The response must consist of the lines from the one holding "在上海社联2024年度论文《" through the final line of the entries, given again exactly and without any pictures.

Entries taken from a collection
----

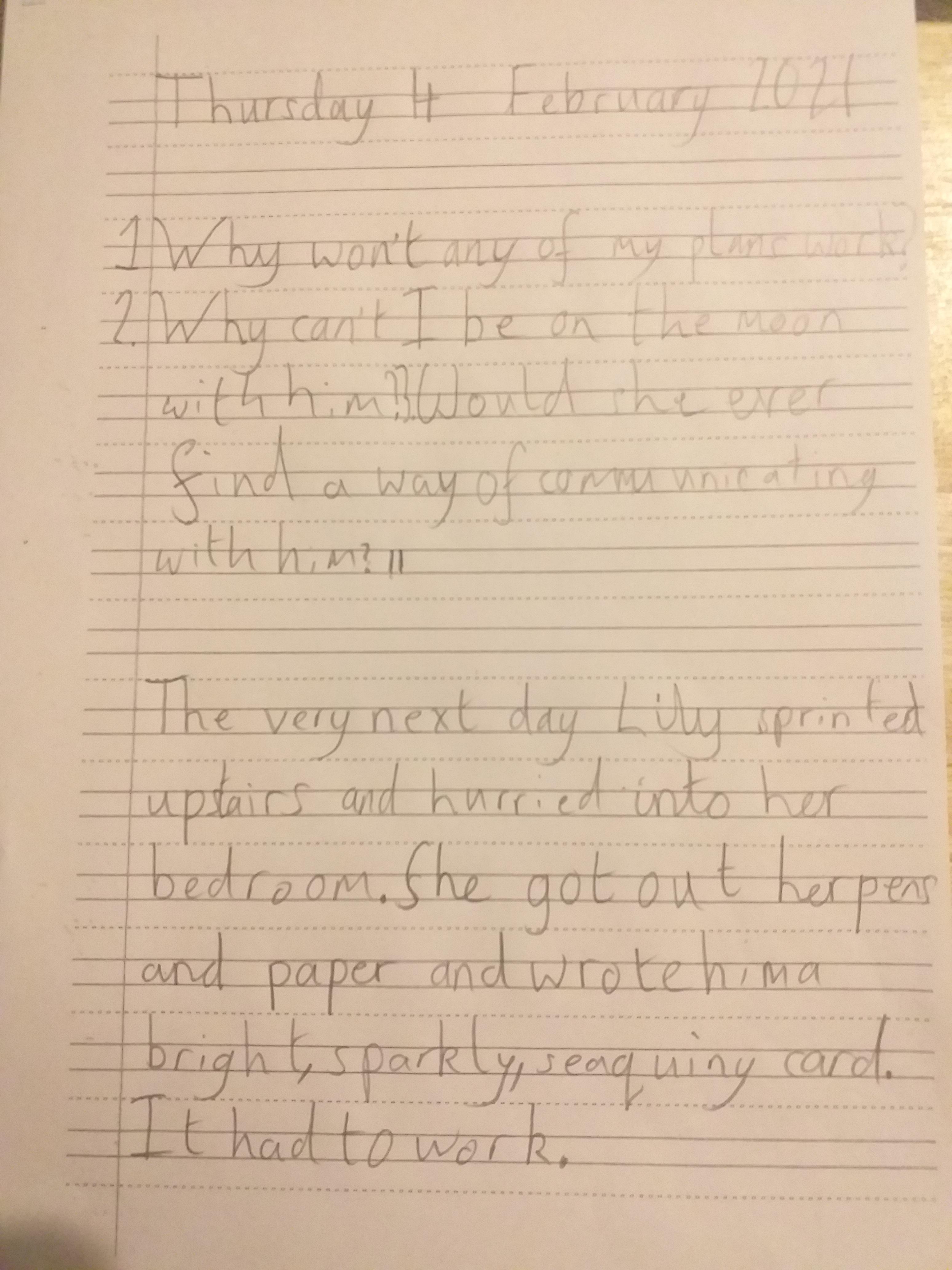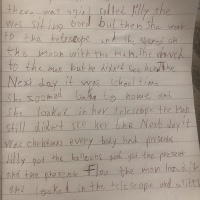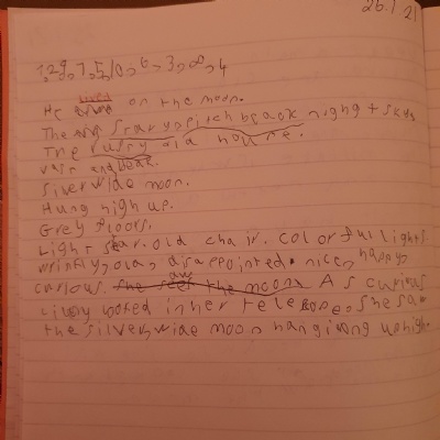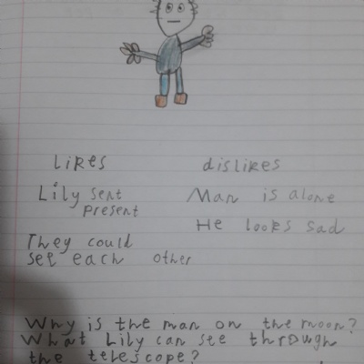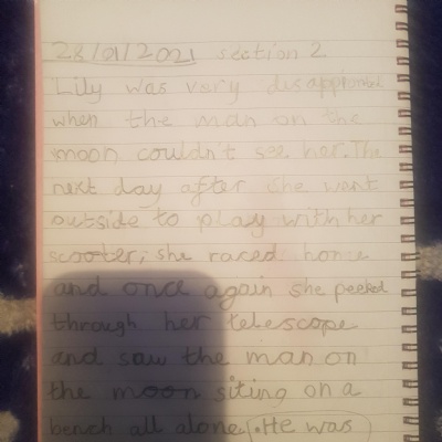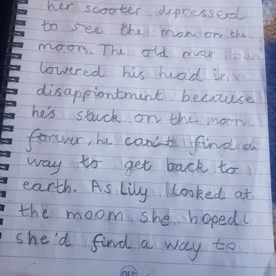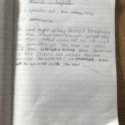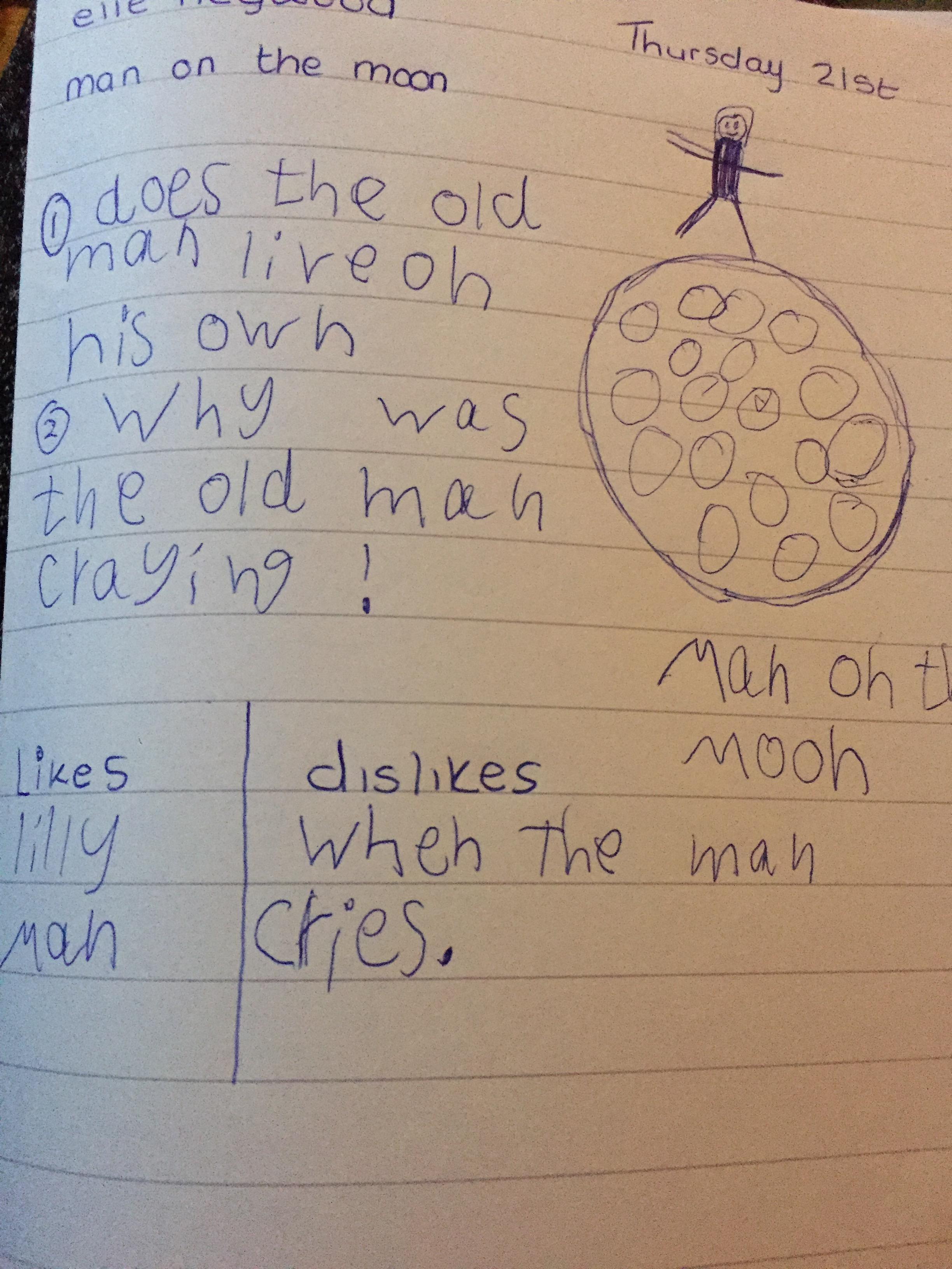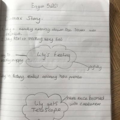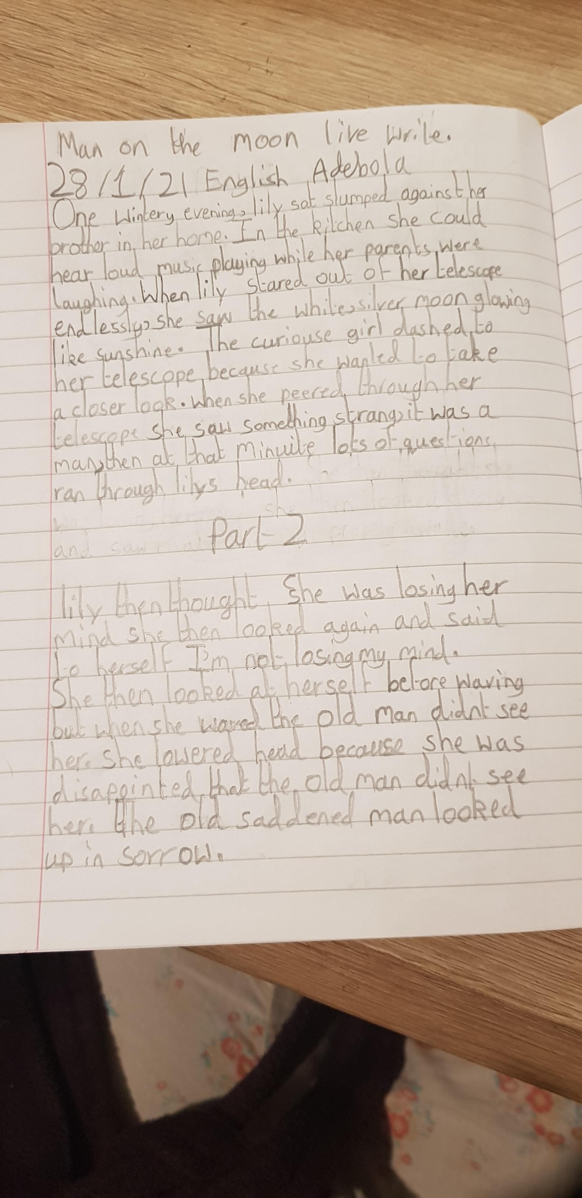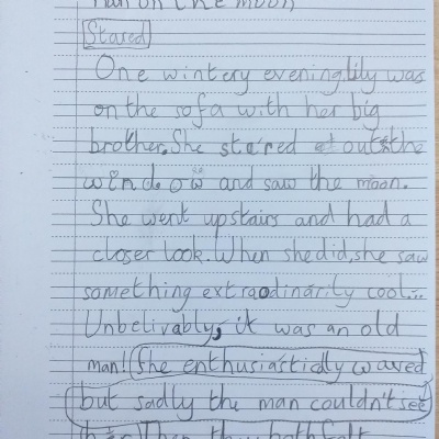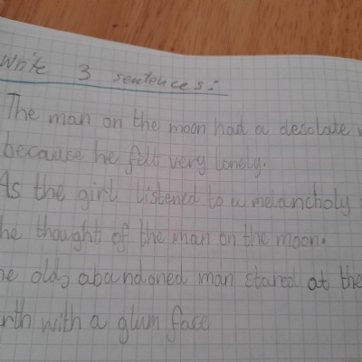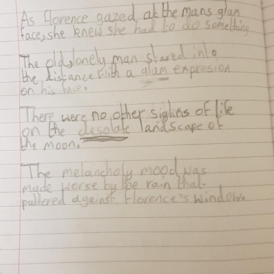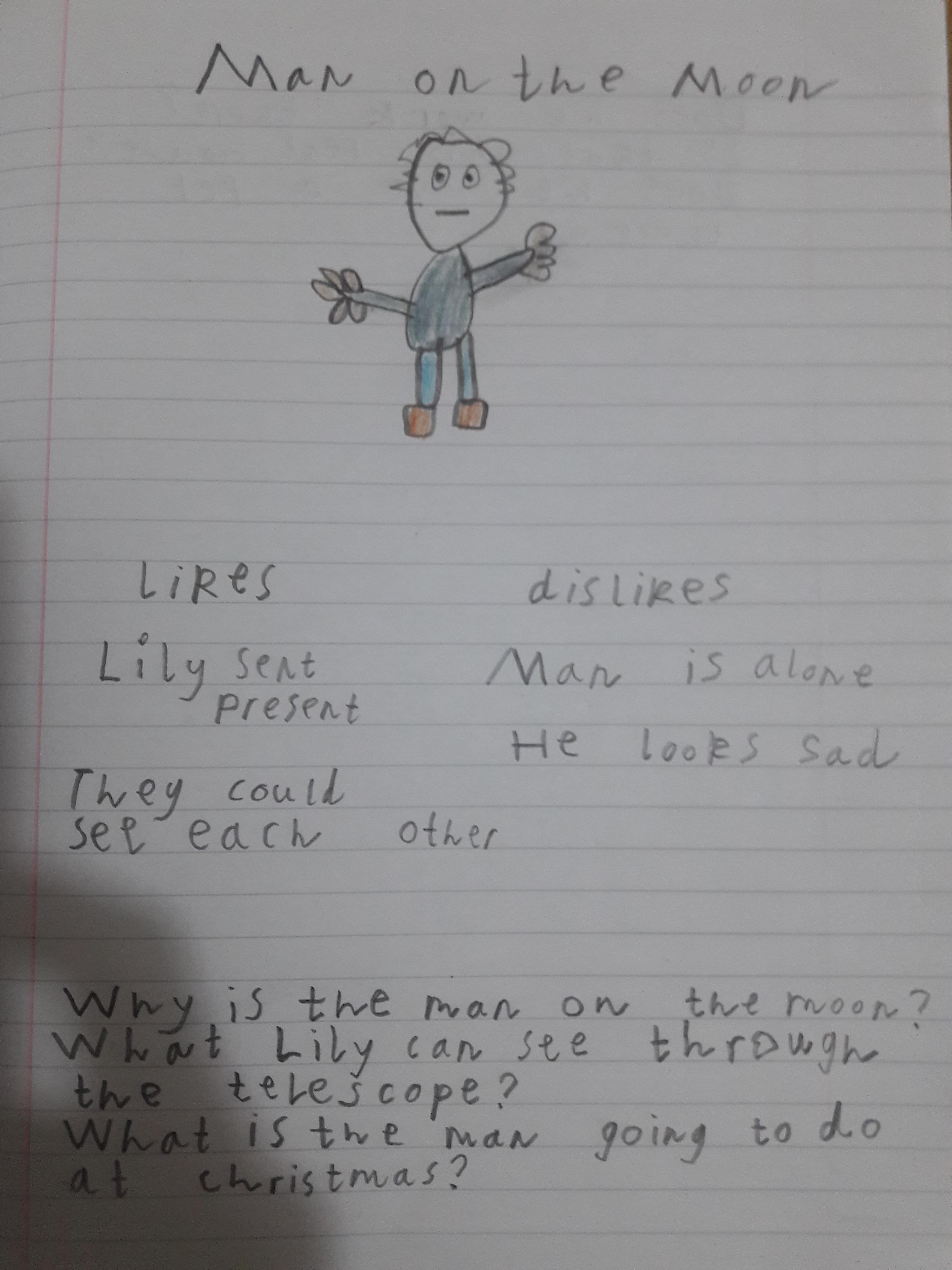 You are continuing with the Man on the Moon work. Today you will be writing the climax of the story. Your stories so far have been great so keep it up!
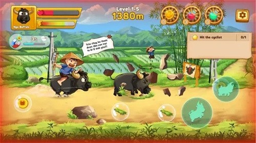 泥泞的小道、深不可测的坑洞,甚至是突如其来的障碍物,都会影响水牛的行进。如何敏捷地避开这些障碍物,以保证水牛的安全和速度,成为每位玩家必须认真思考的问题。通过不断的练习与尝试,玩家能逐步掌握技巧,提升闯关的效率与乐趣。游戏还加入了独特的天气系统,雨天会让道路更加湿滑,晴天则可能遇到扬尘等特殊效果,这些动态变化的环境要素让每次挑战都充满新鲜感,考验玩家的临场应变能力。
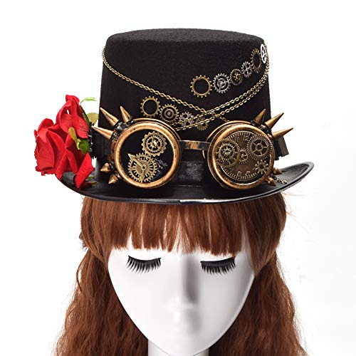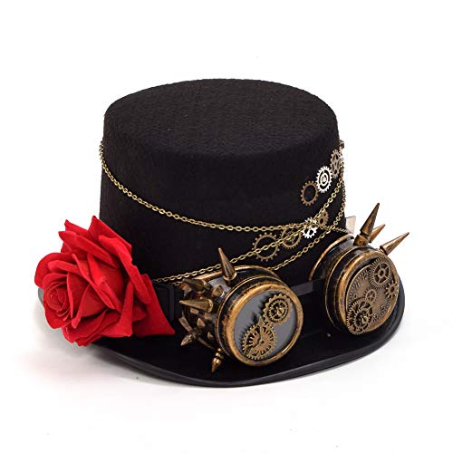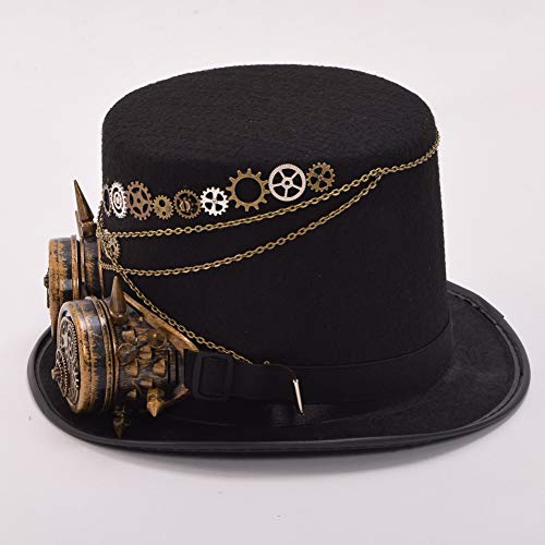 BLESSUME Sombrero Steampunk Gótico Chistera con Gafas Unisex (Colore D, L)
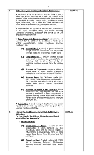 This document outlines the compulsory subjects and structure of the examination for the Punjab Public Service Commission (PPSC) in Pakistan. It details 6 papers that will be part of the examination: 1) English Essay, 2) English Language, 3) Urdu Language, 4) Islamic Studies/Ethics, 5) Pakistan Studies, and 6) General Knowledge. Each paper is worth 100 marks and will test the candidates' language proficiency, comprehension, translation skills, and knowledge of the subject through both subjective and objective questions. The papers aim to evaluate the candidates' conceptual understanding and logical reasoning abilities.
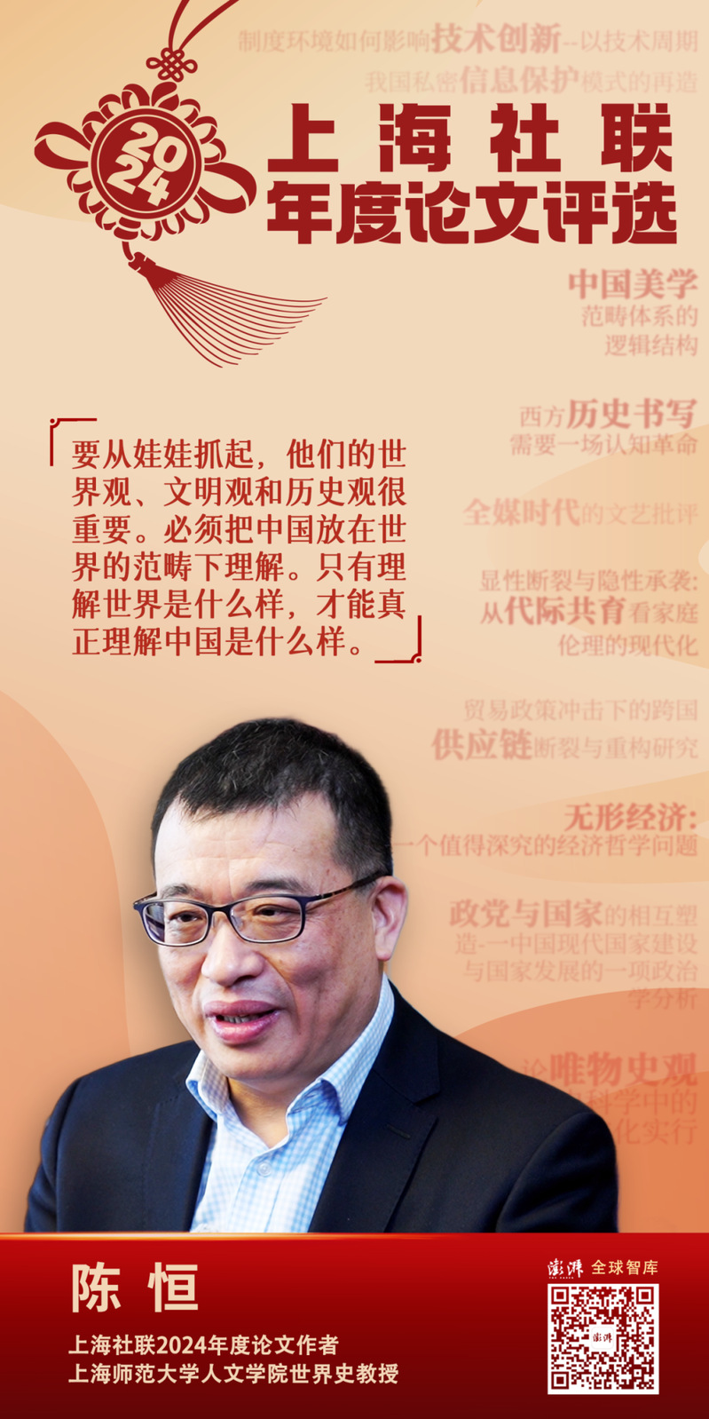 在上海社联2024年度论文《西方历史书写需要一场认知革命》(原载于《历史研究》2024年第4期)中,陈恒指出,以西方为中心的历史书写模式使得非西方国家失去了平等、公平、公正地表达观点的机会。
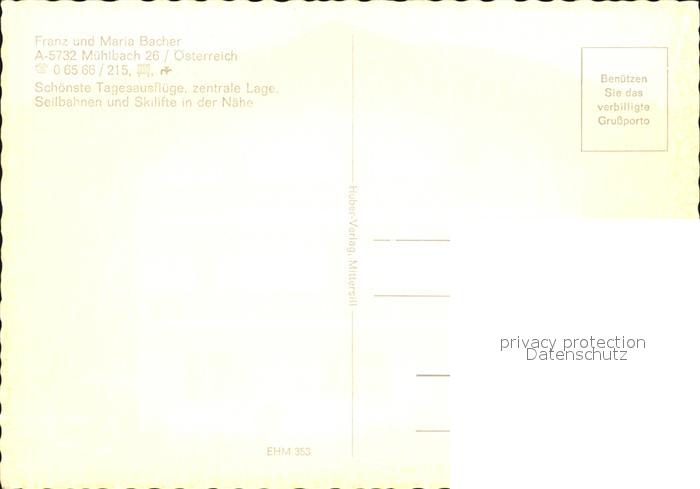 72437327 Muehlbach Hochkoenig Pension Franz und Maria Bacher Tischlerei postalisch nicht gelaufen Erhaltung siehe scans KatCode: 11390322050415
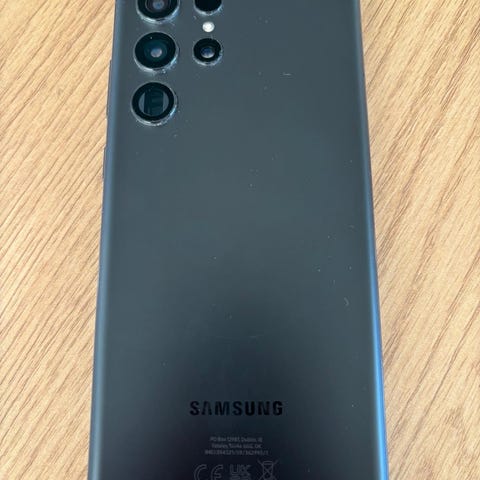 Samsung Galaxy S23 Ultra älypuhelin, tallennustila 256 GB. Väri musta. Laite kuuluu Galaxy S23 -mallisarjaan ja on Ultra-versio. Sopii yleiseen älypuhelinkäyttöön, kuten puheluihin, viestintään, netin selailuun ja sovellusten käyttöön. Kuvissa näkyy puhelin ja myyntipakkaus.
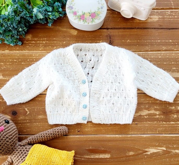 0-3MOS INFANT HANDMADE CROCHET WHITE CARDIGAN
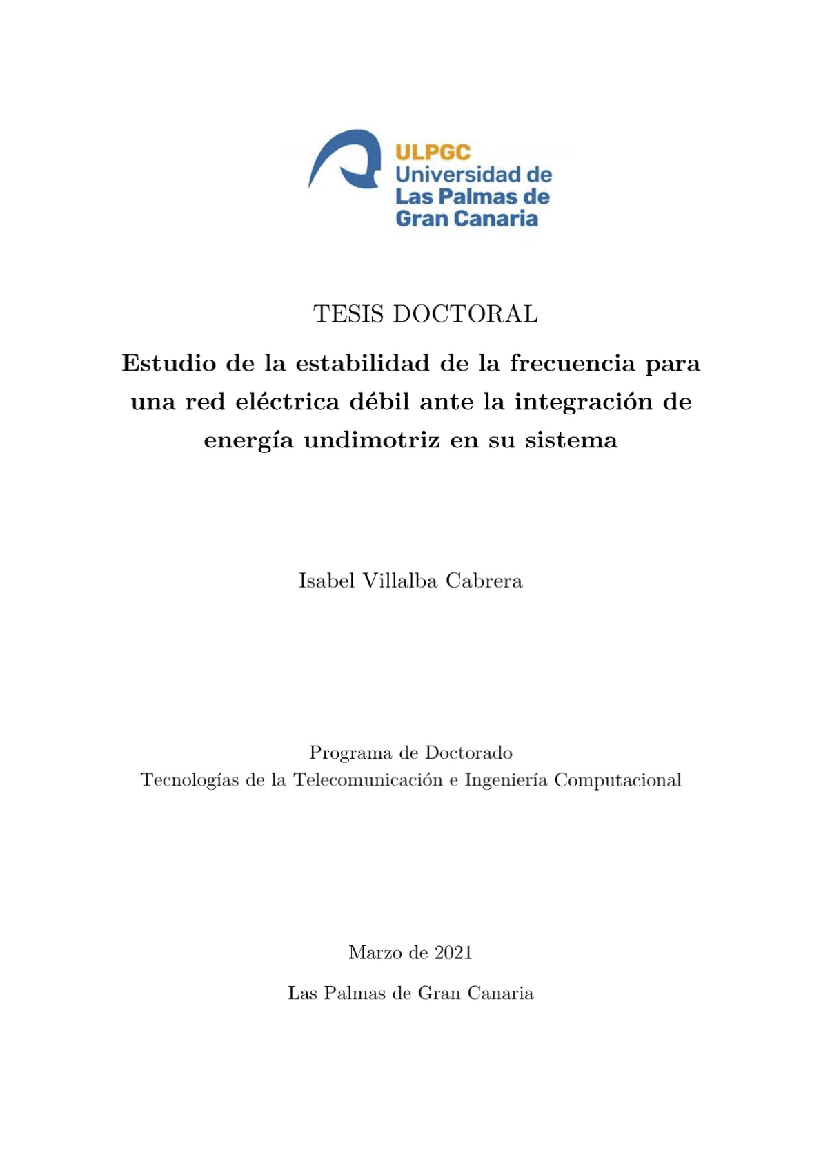 En marzo de 2021 se ha depositado y defendido la tesis doctoral de Isabel Villalba Cabrera, titulada “Estudio de la estabilidad de la frecuencia para una red eléctrica débil ante la integración de ene
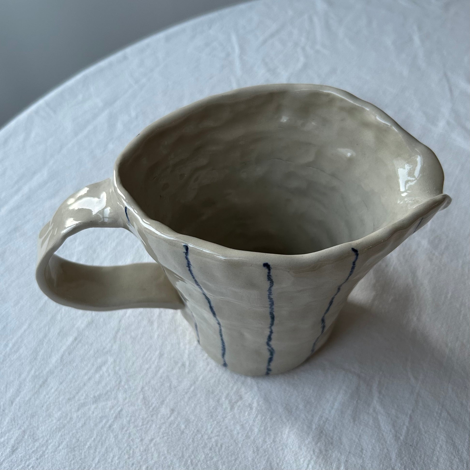 Handgjord keramik i stengodslera, målad med engobe och glaserad med en transparent glasyr.

----

→ SOLUTION FOR THIS PROBLEM
 在上海社联2024年度论文《西方历史书写需要一场认知革命》(原载于《历史研究》2024年第4期)中,陈恒指出,以西方为中心的历史书写模式使得非西方国家失去了平等、公平、公正地表达观点的机会。
 72437327 Muehlbach Hochkoenig Pension Franz und Maria Bacher Tischlerei postalisch nicht gelaufen Erhaltung siehe scans KatCode: 11390322050415
 Samsung Galaxy S23 Ultra älypuhelin, tallennustila 256 GB. Väri musta. Laite kuuluu Galaxy S23 -mallisarjaan ja on Ultra-versio. Sopii yleiseen älypuhelinkäyttöön, kuten puheluihin, viestintään, netin selailuun ja sovellusten käyttöön. Kuvissa näkyy puhelin ja myyntipakkaus.
 0-3MOS INFANT HANDMADE CROCHET WHITE CARDIGAN
 En marzo de 2021 se ha depositado y defendido la tesis doctoral de Isabel Villalba Cabrera, titulada “Estudio de la estabilidad de la frecuencia para una red eléctrica débil ante la integración de ene
 Handgjord keramik i stengodslera, målad med engobe och glaserad med en transparent glasyr.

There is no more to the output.